Just that really. I feel so hurt and on the verge of tears quite often recently. Not sure if I am being ridiculous to be honest, probably am.
We have been together a long time, nearly 2 decades. Had a great sex life up until say about three years ago when it suddenly changed. We were still having regular sex but it was low effort on his part iyswim.
This year frequency has reduced to once a week, and then in recent months to once or maybe twice a month.
I have asked does he find me less attractive, is he bored, what is going on, is it medical.. but he just clams up and insists that everything is fine (he is like that with everything).

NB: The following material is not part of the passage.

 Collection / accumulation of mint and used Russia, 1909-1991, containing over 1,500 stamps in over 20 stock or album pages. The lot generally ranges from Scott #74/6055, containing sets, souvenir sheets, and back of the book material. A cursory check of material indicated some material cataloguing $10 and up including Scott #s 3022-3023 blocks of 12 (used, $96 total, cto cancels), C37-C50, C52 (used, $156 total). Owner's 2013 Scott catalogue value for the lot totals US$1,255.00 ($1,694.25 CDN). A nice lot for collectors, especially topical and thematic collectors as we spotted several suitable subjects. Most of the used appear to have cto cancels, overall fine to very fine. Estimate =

To be clear, I am NOT constantly bringing it up or anything. I'm being conscious not to do that, or act strangely, because I don't want to put any pressure on and make things more awkward.
DP I think is actively avoiding having sex with me recently.

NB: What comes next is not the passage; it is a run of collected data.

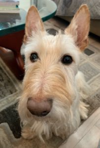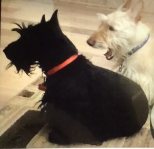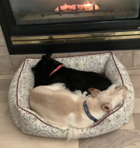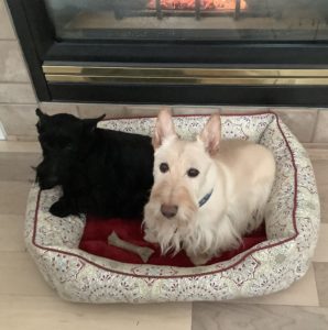 Early this morning when we Scotties went outside, it was actually cold! Since we’ve not switched from AC to the furnace yet, Wen decided to turn on the fireplace to warm up the living room. All it takes is a chilly fall day and a blazing fire and Sadie and I are back in front of the fireplace. Yep, we two fireplace buddies like to camp out on our dog bed and soak up the warmth.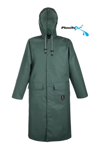 Płaszcz zapinany na napy, z kapturem i dwiema bocznymi kieszeniami przykrytymi patkami. Model produkowany z wodoochronnej tkaniny Plavitex, przeznaczony do użytku w niesprzyjających warunkach pogodowych. Zapewnia skuteczną ochronę przed wiatrem i deszczem. Technika obustronnego zgrzewania zwiększa wytrzymałość szwów. Produkt spełnia standardy europejskich norm: EN ISO 13688 i EN 343.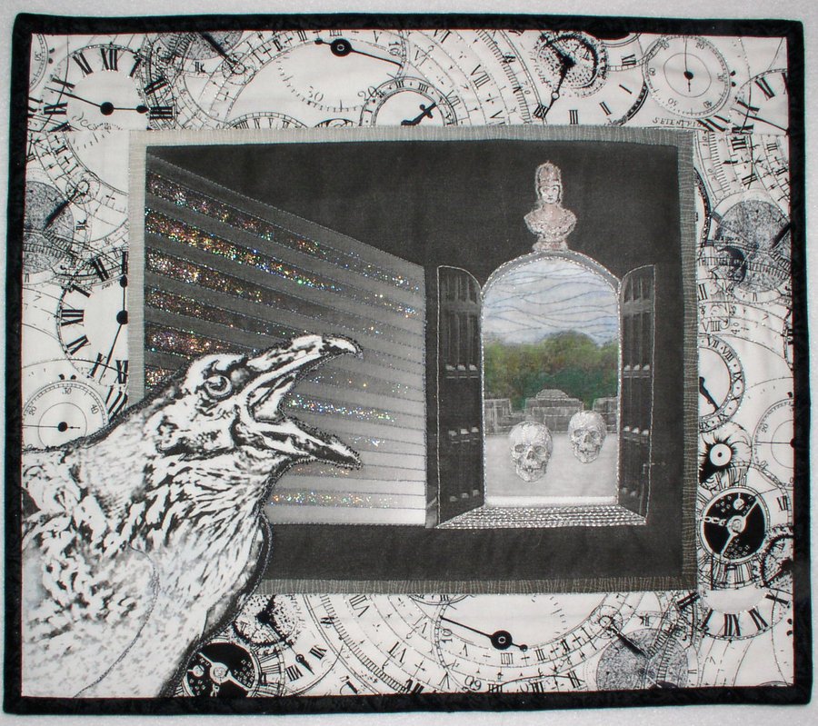 rickieseifried The Raven - The Raven was created around a challenge to pick a favorite poem and make a quilt to depict the poem. I used a combination of two photos for the background which was painted and quilted to give texture and depth. The foreground of the raven is a photo printed on cloth.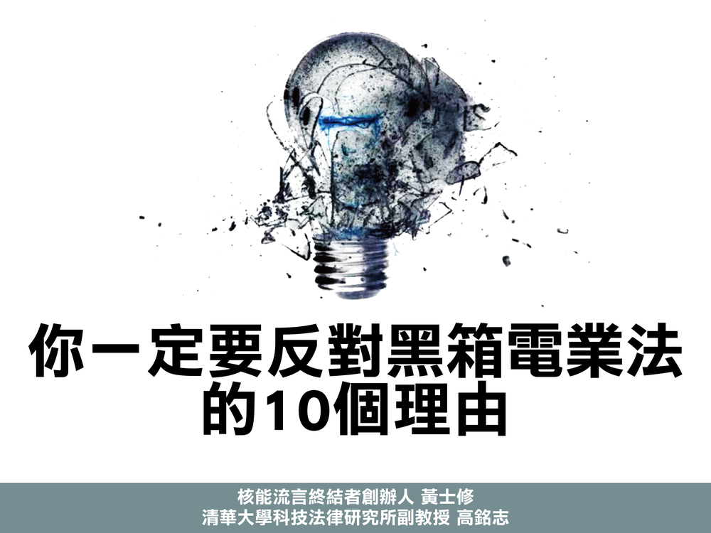 核終創辦人黃士修與清大科法所副教授高銘志製作圖說,放置於「核能流言終結者」臉書專頁,抨擊此次《電業法》修法的缺失。(圖片/黃士修提供)
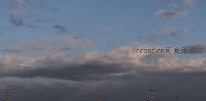 清澈的蓝天上飘浮着蓬松的白色云朵,下方是横亘的输电线路和高耸的电线杆。云层边缘被夕阳染成淡金色,自然美景与现代工业设施在此刻和谐共存。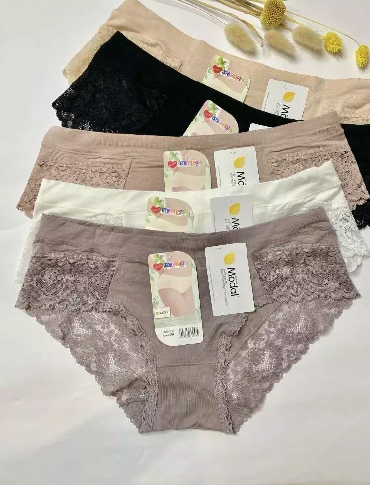 Жіночі трусики із мякого модалу.Гарні приглушені кольори,прикрашені кружевом. В упаковці 12 шт. різних кольорів (зразки кольорів на фото)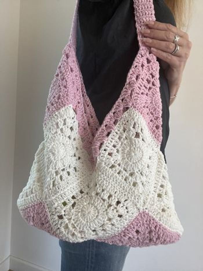 sac bohème carré grand mère blanc et rose - photo numéro 2

. On weekend mornings we used to have along lie in but frequently now he gets up early to do x y or z and has a go at me for being 'lazy' despite me hardly ever getting a lie in (work).

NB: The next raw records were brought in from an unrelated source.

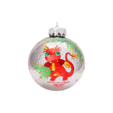 סמל השנה כדור זכוכית לתליה דראקושה אש כסוף 6.5 ס"מ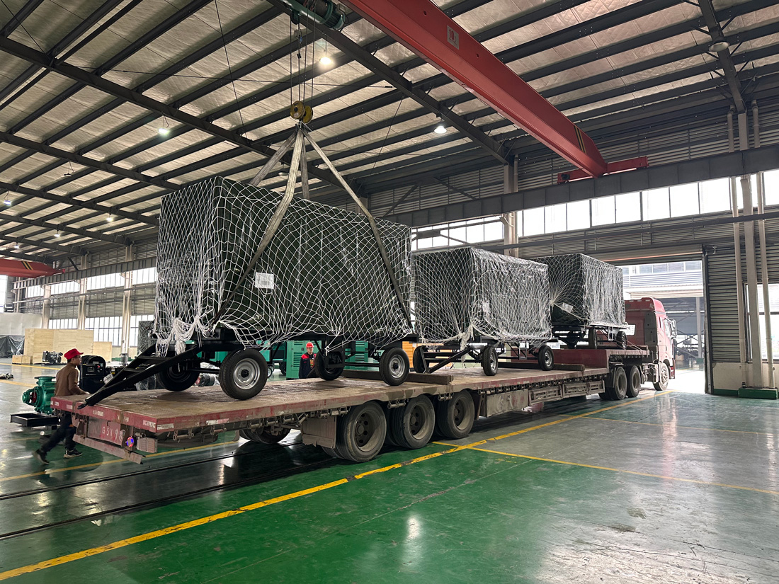 启运当日,五台拖车式机组在厂区内完成最后调试,涂装醒目、排列整齐。经检验合格后,它们将装箱发运,预计经过海上运输后抵达津巴布韦,交付客户使用。
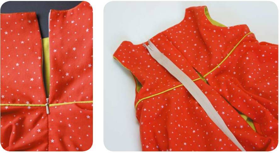Закончите сборку изделия: вновь установите лапку для втачивания молнии и прострочите обе детали, начиная от последних стежков, выполненных у основания потайной молнии (на уровне ограничителя).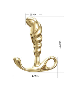 Ten masażer prostaty P-spot wykonany ze stopu cynku to elegancka i skuteczna zabawka, odpowiednia dla użytkowników na każdym poziomie zaawansowania. Posiada idealnie gładką, lśniącą złotą powierzchnię, która zapewnia łatwe i przyjemne wprowadzenie. Zwężana końcówka umożliwia delikatną i kontrolowaną penetrację, natomiast wąska szyjka gwarantuje wygodne i bezpieczne utrzymanie zabawki w miejscu. Wyraźnie zaokrąglona główka została specjalnie zaprojektowana do precyzyjnej stymulacji prostaty, oferując intensywne doznania. Ten luksusowy gadżet sprawdzi się również przy pośredniej stymulacji punktu G. Kompatybilny z lubrykantami na bazie wody, silikonu lub oleju. Materiał: stop cynku Powierzchnia: ultra gładka, złocona Funkcje: stymulacja prostaty i punktu G, ergonomiczny kształt, bezpieczny uchwyt Zalecenie: używać z lubrykantem na bazie wody, silikonu lub oleju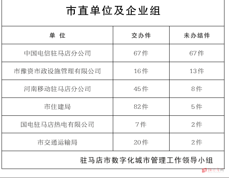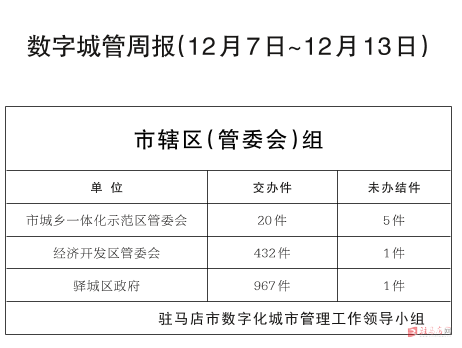 2020年12月7日~12月13日,驻马店市智慧城市管理中心通过采集员、网格员采集上报、视频抓拍、市民举报、领导交办等途径受理各类城市管理案件4186件,本周应结案4503件,其中已结案4108件、正在办理中146件、超时未办结104件、因确权争议未处置案件共145件,结案率91.23%,所有案件均通过数字城管系统派遣交办至18个联动单位,经采集员核查,截至12月13日18时,存在超时未办结案件的单位共9个,详细情况如下:

We had some child free time together today and he suggested we go a walk together (to get us out of the house so nothing could be suggested??) then said enjoy your day and went to watch football. Nice, but come on..
I'm really sad about it. I love him and do not want to split up but sex was a major part of our closeness. I've been with him since I was a teenager, and sex I did have before him was terrible, I'm only mid 30s and just don't think I can handle such infrequent sex. I dread if it's going to just get worse.
I'd be understanding if it was a health issue or whatever but he just will not open up about it.
It probably sounds silly to some people, since it's not that infrequent, but it's still a MASSIVE change from where we were for so many many years. Also it's so functional when we do it, the last time he actually said to me in bed "Do you want PROCESSED now??" He claims it was a throwaway joke because I complained in the past it's mechanical, but I think it had an underlying tone.
Don't even know what I'm asking, just wanted to see if anyone has any advice or been in this situation.